In order to compare two heart rate control strategies in patients with permanent atrial fibrillation, a randomized, multicenter, open-label, prospective, noninferiority trial was conducted at 33 centers in the Netherlands. Recruitment for the Rate Control Efficacy in Permanent Atrial Fibrillation: A Comparison Between Lenient versus Strict Rate Control II (RACE II) trial began in January of 2005 and ended in June of 2007 [1]. Eligible patients were 80 years of age or younger, had permanent atrial fibrillation for up to 12 months, had a mean resting heart rate above 80 beats per minute, and had a medical regimen that included the use of oral anticoagulation therapy. A total of 614 patients were recruited. The patients were randomized to undergo either a lenient rate-control strategy with a resting heart rate <110 beats per minute, or a strict rate-control strategy with a resting heart rate <80 beats per minute, to determine which strategy reduced the incidence of heart failure and stroke. Because prior studies had shown that strict rate control reduced symptoms, improved quality of life and exercise capacity, reduced heart failure, and improved survival, it has been the preferred strategy. However, strict control could also cause drug-related adverse effects, such as bradycardia, syncope, and the need for a pacemaker, and the study was conducted to test the hypothesis that lenient rate control is not inferior to strict rate control.

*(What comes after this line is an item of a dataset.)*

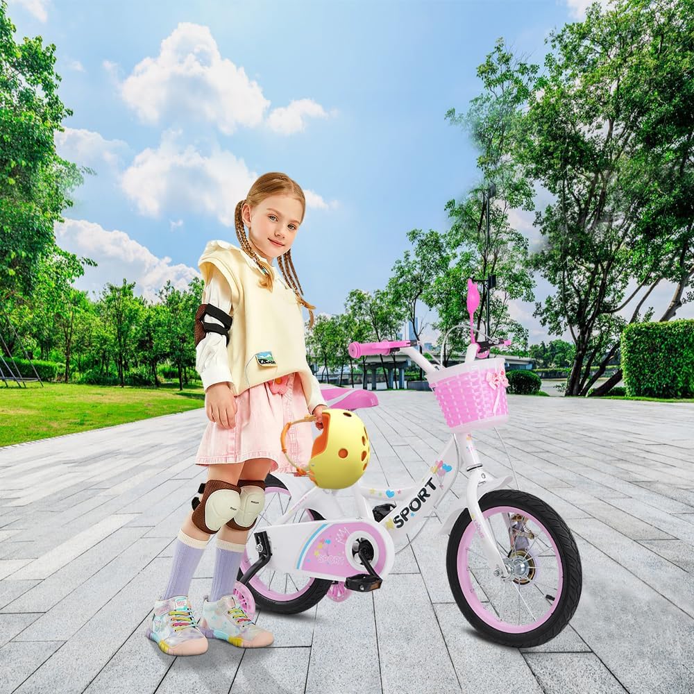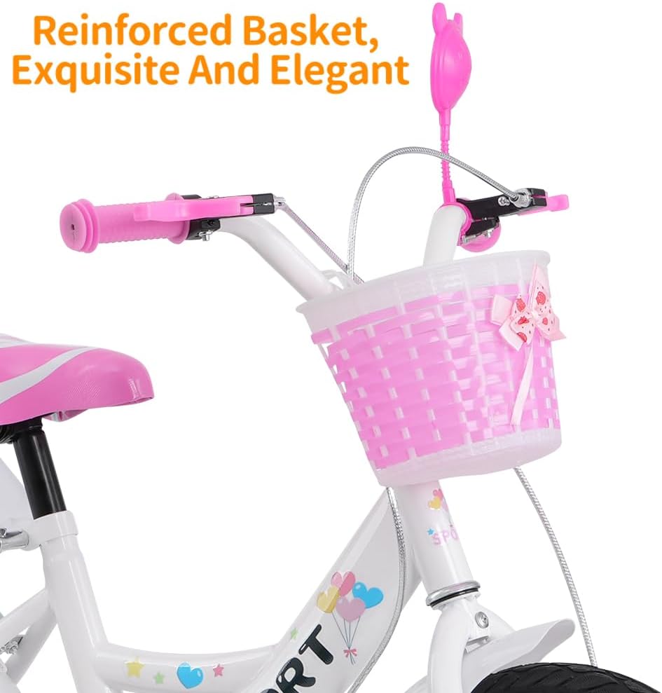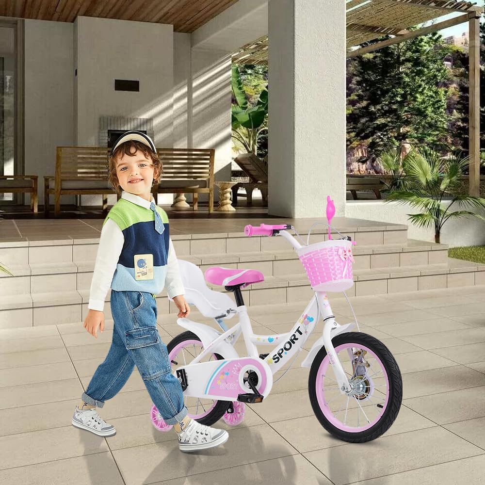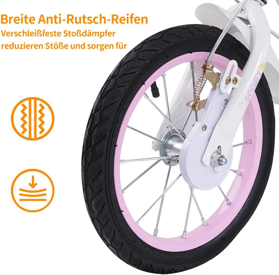 Top-Angebot: homewell 12/14/16 Inch Children’s Bicycle for Girls & Boys (2-8 Years) – Pink/White, Children’s Bicycle with Seats for Toys, Safety Brakes, Stabilisers, Easy Assembly

Primary outcome was a composite of death from cardiovascular causes, heart failure-induced hospitalization, stroke, systemic embolism, major bleeding, and arrhythmic events. Secondary outcomes included all of the primary outcomes plus death from any cause, symptoms, and functional status. The follow-up period was a maximum of 3 years, and at the end of that time, the estimated cumulative incidence of the primary outcome was 12.9% in the lenient rate-control group and 14.9% in the strict rate-control group. There was an absolute difference in the lenient rate-control of 2.0 percentage points (90% CI, -7.6 to 3.5; P<0.001 for the prespecified noninferiority margin). The frequencies of symptoms and adverse events were similar in the two groups, and the investigators concluded that lenient rate-control is as effective as strict rate-control, which should prove helpful to patients being treated for permanent atrial fibrillation.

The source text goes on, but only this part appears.